● **ABOUT THIS EXERCISE**
Print, exactly as they stand, the lines below from the one that has "Nástěnné bodové svítidlo" to the one that has "مبتدأ، وسوغ الابتداء", inclusive, leaving out the pictures.

Data records
....
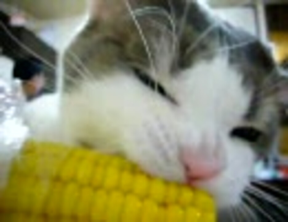 トウモロコシを齧る猫
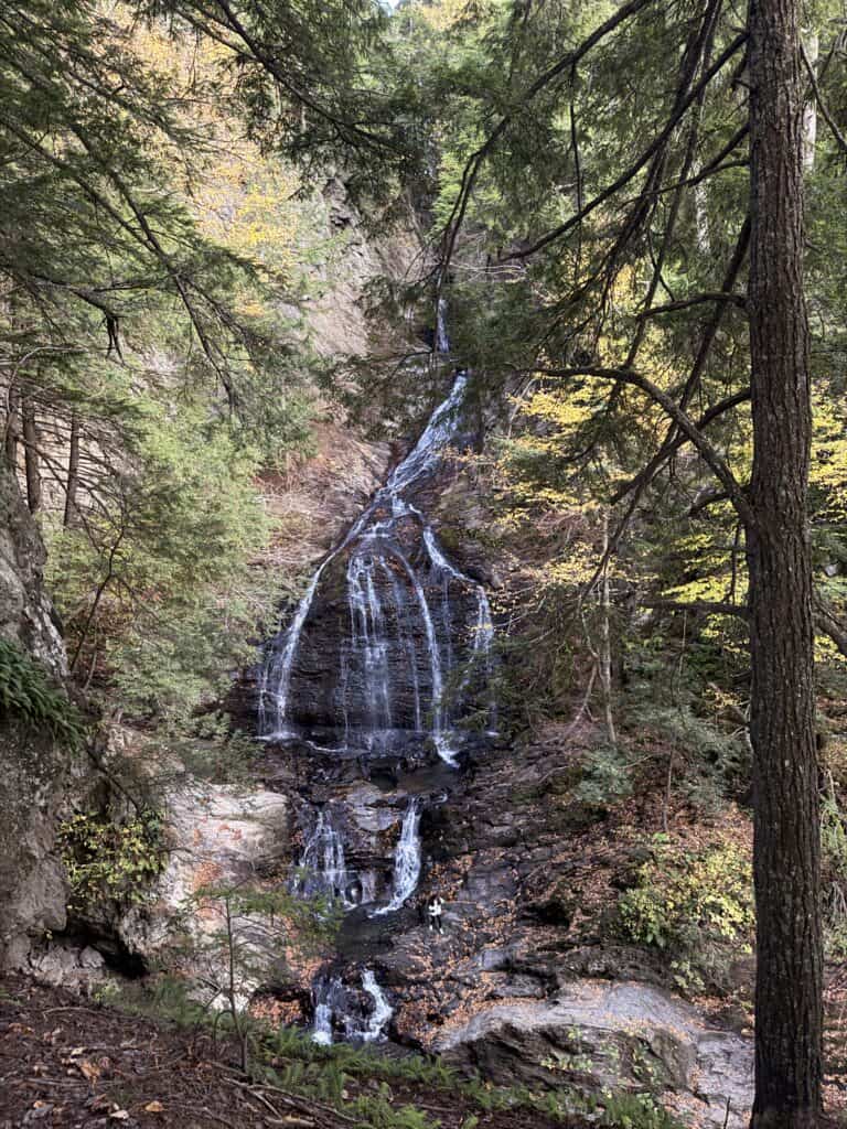 If you’re looking for a hike that delivers big rewards for minimal effort, Moss Glen Falls is your trail. Just a short walk through the woods leads to one of Vermont’s most stunning waterfalls, framed by glowing fall foliage. The trail is easy and family-friendly, making it perfect for a quick morning adventure or a peaceful afternoon stop between drives. Bring your camera—the light filtering through the leaves makes the falls shimmer gold this time of year.
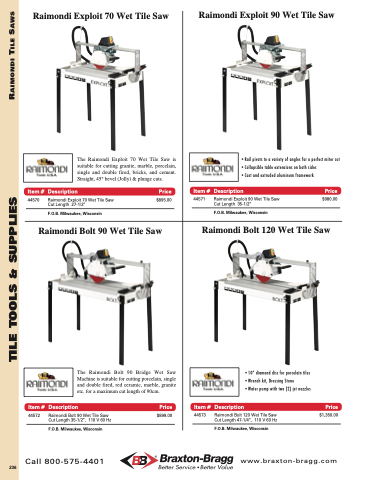 44570 Raimondi Exploit 70 Wet Tile Saw Cut Length 27-1/2”
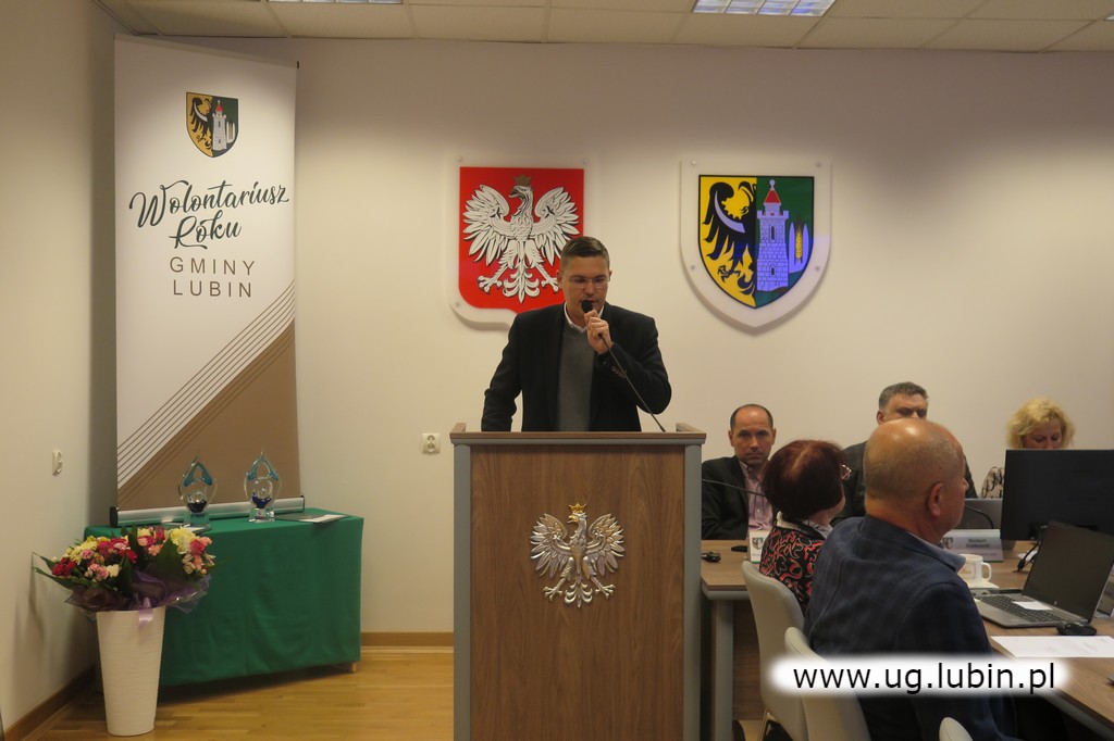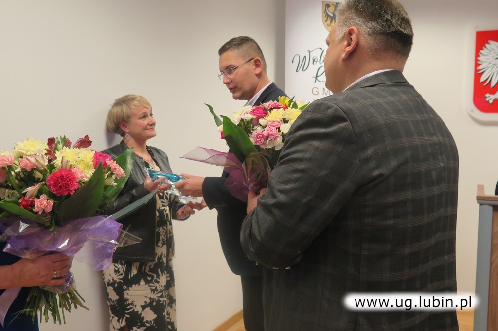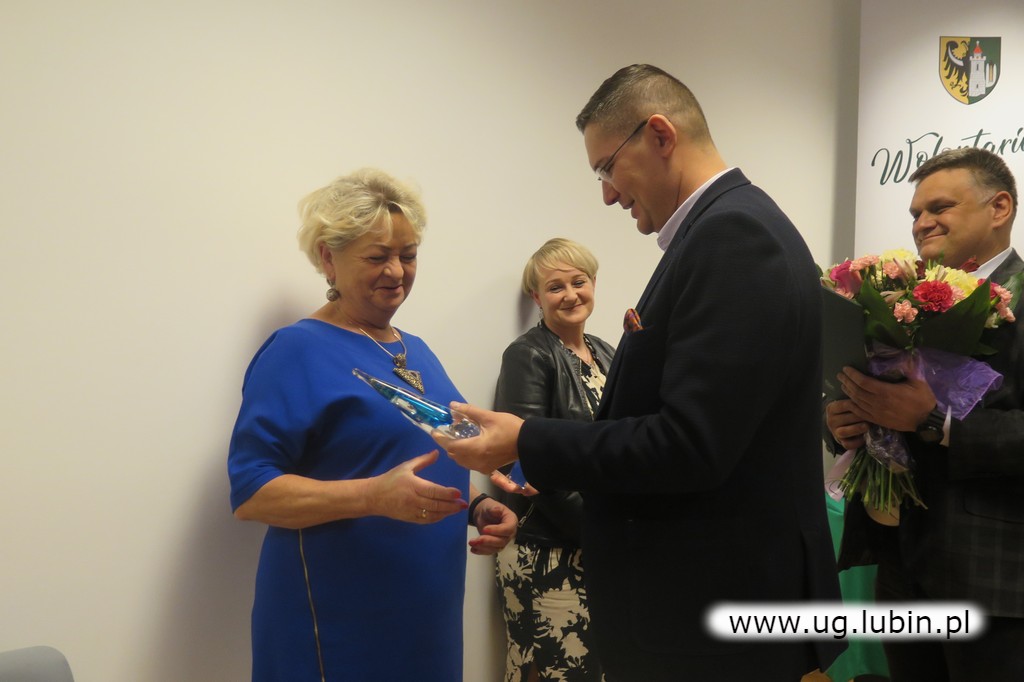 Uroczystego wręczenia symbolicznych statuetek dokonał wicewójt Bartosz Chojnacki i Norbert Grabowski, przewodniczący Rady Gminy Lubin.
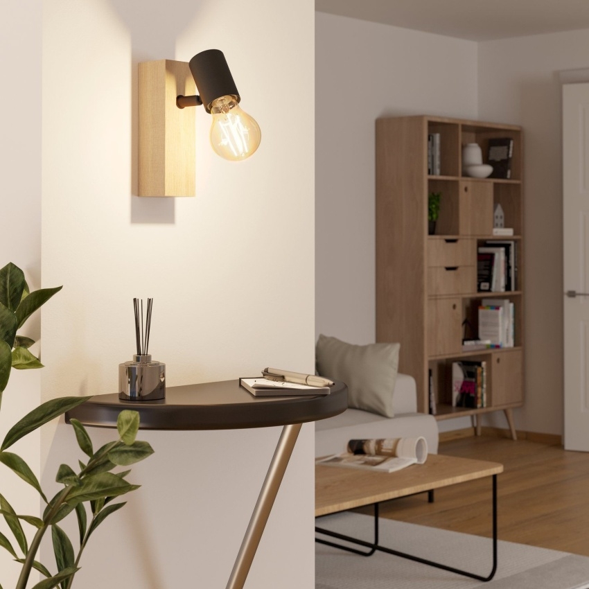 Nástěnné bodové svítidlo EGLO TOWNSHEND 3 99477 v industriálním stylu z kombinace černého kovu a hnědého dřeva.
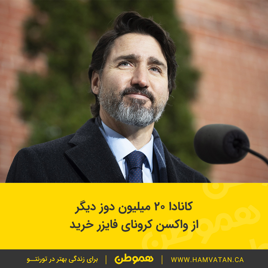 جاستین ترودو اعلام کرد که دولت کانادا ۲۰ میلیون دوز دیگر از واکسن کرونای فایزر سفارش داده.
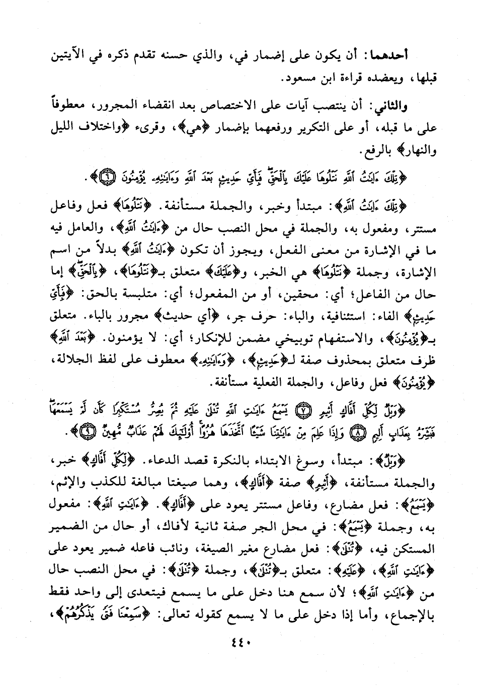 {وَيْلٌ}: مبتدأ، وسوغ الابتداء بالنكرة قصد الدعاء. {لِكُلِّ أَفَّاكٍ} خبر، والجملة مستأنفة، {أَثِيمٍ} صفة {أَفَّاكٍ}، وهما صيغتا مبالغة للكذب والإثم، {يَسْمَعُ}: فعل مضارع، وفاعل مستتر يعود على {أَفَّاكٍ}. {آيَاتِ اللَّهِ}: مفعول به، وجملة {يَسْمَعُ}: في محل الجر صفة ثانية لأفاك، أو حال من الضمير المستكن فيه، {تُتْلَى}: فعل مضارع مغير الصيغة، ونائب فاعله ضمير يعود على {آيَاتِ اللَّهِ}، {عَلَيْهِ}: متعلق بـ {تُتْلَى}، وجملة {تُتْلَى}: في محل النصب حال من {آيَاتِ اللَّهِ}؛ لأن سمع هنا دخل على ما يسمع فيتعدى إلى واحد فقط بالإجماع، وأما إذا دخل على ما لا يسمع كقوله تعالى: {سَمِعْنَا فَتًى يَذْكُرُهُمْ}،
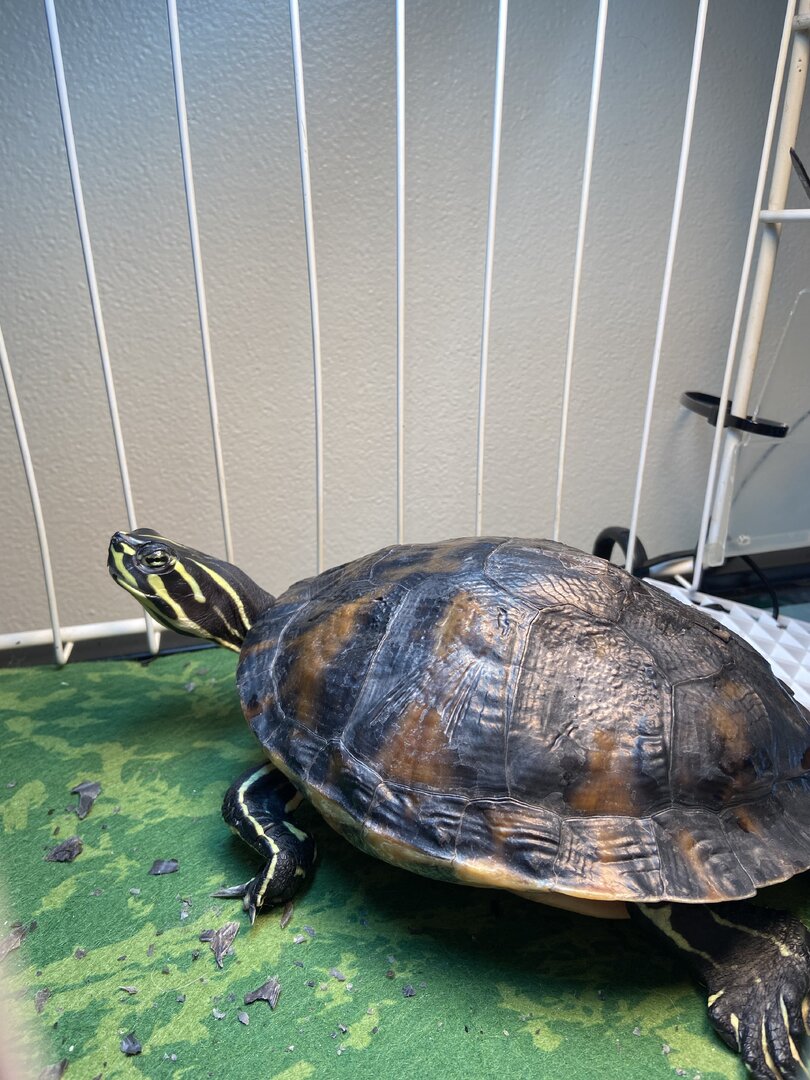 Aww he/ she is adorable and I'm glad you have such a great heart! My husband would hate it but I would have done the same thingIn my travels I happened across a turtle (yellow bellied slider maybe?) in a very sad situation. Poor thing was in about 2” of nasty and foul water - no light, no heat, no filter, no dry area, no nothing - just a 20 gallon tank, the foul water and the turtle…for 2-3 years. I was given this poor little critter and it is just so sad. Poor thing doesn’t even know how to ‘turtle’ anymore. I quickly set up a 55 gallon tank which while ideally needs to be bigger, will do for now. I just need a decent canister filter, which will have to wait a couple of weeks. Anyhow, I put the turtle in his new tank this morning and he has forgotten how to dive and swim. He’s just paddling around at the top. Thankfully he has enough strength and know how to climb to the basking area and has been basking all day. Not sure if it’s just being able to dry out, the heat or the uvb, but he’s obviously enjoying it. Has been shedding scutes like crazy and I’m wondering how many layers of shed scutes have built up. I’m surprised it doesn’t have shell rot, infected eyes and is even just still alive. I do see some missing claws and possible scars. I think it was another case of being found in the wild and taken as ahostagepet. It has no idea what real food is other than pellets which are even too big for it to eat. Hopefully with time, it’ll remember how to ‘turtle’ and recover. A turtle is the very last thing I want, but my stupid soft heart over-ruled the brain.
....
● **ANSWER BOX**
 Nástěnné bodové svítidlo EGLO TOWNSHEND 3 99477 v industriálním stylu z kombinace černého kovu a hnědého dřeva.
 جاستین ترودو اعلام کرد که دولت کانادا ۲۰ میلیون دوز دیگر از واکسن کرونای فایزر سفارش داده.
 {وَيْلٌ}: مبتدأ، وسوغ الابتداء بالنكرة قصد الدعاء. {لِكُلِّ أَفَّاكٍ} خبر، والجملة مستأنفة، {أَثِيمٍ} صفة {أَفَّاكٍ}، وهما صيغتا مبالغة للكذب والإثم، {يَسْمَعُ}: فعل مضارع، وفاعل مستتر يعود على {أَفَّاكٍ}. {آيَاتِ اللَّهِ}: مفعول به، وجملة {يَسْمَعُ}: في محل الجر صفة ثانية لأفاك، أو حال من الضمير المستكن فيه، {تُتْلَى}: فعل مضارع مغير الصيغة، ونائب فاعله ضمير يعود على {آيَاتِ اللَّهِ}، {عَلَيْهِ}: متعلق بـ {تُتْلَى}، وجملة {تُتْلَى}: في محل النصب حال من {آيَاتِ اللَّهِ}؛ لأن سمع هنا دخل على ما يسمع فيتعدى إلى واحد فقط بالإجماع، وأما إذا دخل على ما لا يسمع كقوله تعالى: {سَمِعْنَا فَتًى يَذْكُرُهُمْ}،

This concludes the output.